Wiadomo, że większość dostaw Lend-Lease miała miejsce w okresie po 1943 roku, kiedy nadszedł punkt zwrotny w wojnie. Oznacza to, że w najstraszniejszym okresie wojny, wczesnym, pomoc aliantów była minimalna, aw bardziej udanych latach nie była tak zauważalna.

Są tacy, którzy pytają: jeśli alianci wyprodukowali dużą liczbę broni, to dlaczego nie wysłali ich więcej? W rzeczywistości powodem nie była skąpstwo „kapitalistycznych towarzyszy”, ale tonaż amerykańskiej i brytyjskiej floty towarowej - był on bardzo niewystarczający dla dostaw masowych.

Istnieje inna wersja, w której dostawy były po prostu opóźnione. I jeszcze jedno, Amerykanie czekali na kogoś do pomocy, albo ZSRR, albo Niemcy. w zależności od przebiegu wojny. Im więcej strat poniosą strony, tym więcej inwestycji. Jak zawsze mają kalkulację.

Czy Związek Radziecki może w ogóle obejść się bez Lend-Lease? Wygląda na to, że mógłby. Wystarczyło dokonać redystrybucji własnych mocy produkcyjnych. Wymagałoby to jednak zmobilizowania ogromnej siły roboczej, co oznacza osłabienie armii. Przypomnijmy, że Ameryka była sojusznikiem ZSRR.

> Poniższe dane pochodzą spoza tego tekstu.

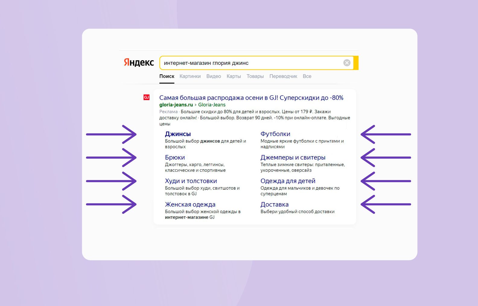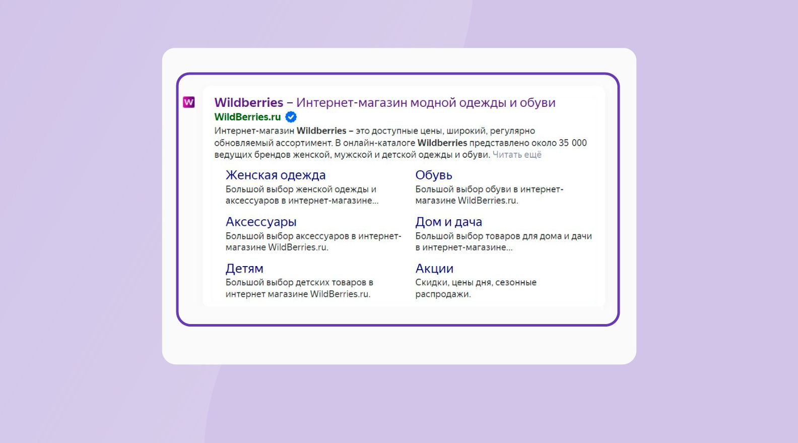 Ссылки очень полезны в сниппетах интернет-магазинов, так как побуждают пользователей кликать по ним, и дают возможность переходить непосредственно в ту категорию, которая интересна покупателю. В расширенном сниппете может содержаться до 8 ссылок с кратким описанием разделов.
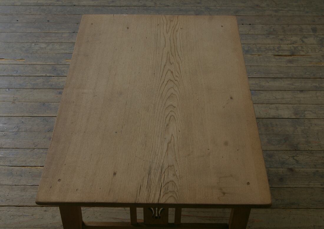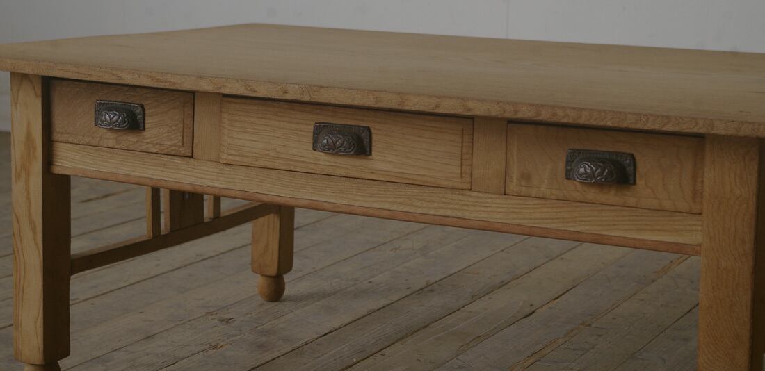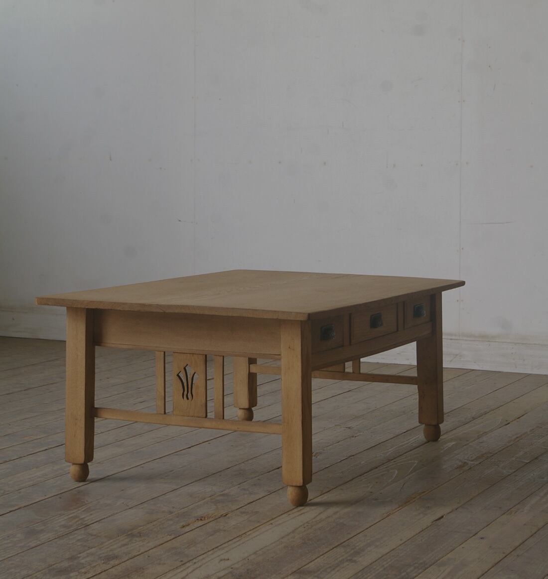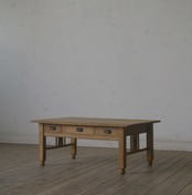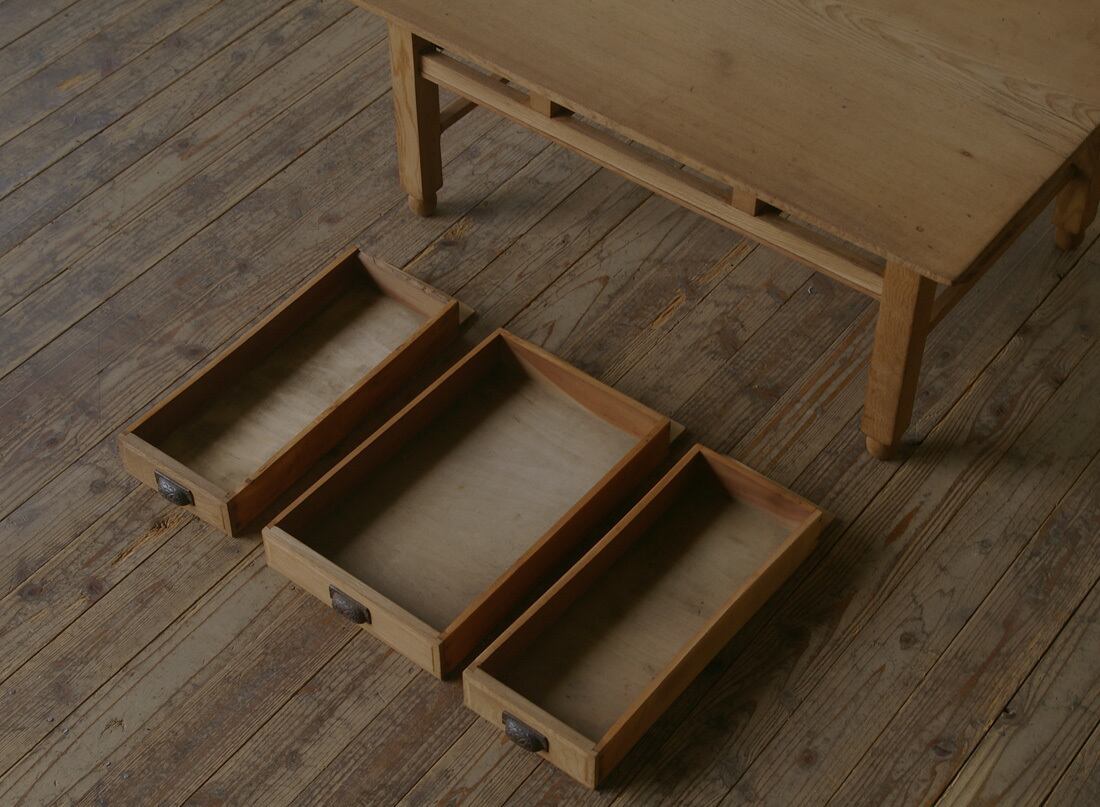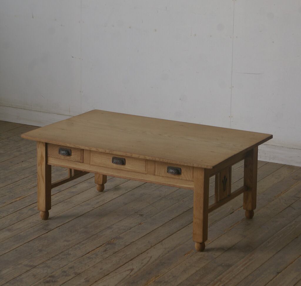 3杯の引き出しと古い楢材の綺麗な木目がとても雰囲気の良いアンティークローテーブルです。

Można by przymknąć oko na brak niezbędnego sprzętu, ale wtedy też armia byłaby osłabiona. Wojna o ZSRR przekształciłaby się w jeszcze bardziej przedłużający się konflikt, Armia Radziecka i tak by ją wygrała, być może później. R. Sherwood (amerykański historyk) zacytował Harry'ego Hopkinsa, który nie uważał pomocy amerykańskiej za ważną w zwycięstwie ZSRR nad faszyzmem. Powiedział: „Zwycięstwo odniosło bohaterstwo i krew armii rosyjskiej”.

Korzyści dla Amerykanów

Wielu politologów, a nawet sami politycy, nie ukrywają korzyści państw z dostaw nie całkiem nowej i nadającej się do użytku broni. Ale od II wojny światowej otrzymali swój dług od Rosji. Wyczerpany i zniszczony ZSRR nie mógł go oddać, a innych powodów było wiele, na przykład napięte stosunki między dwoma krajami. W pełni skorzystał.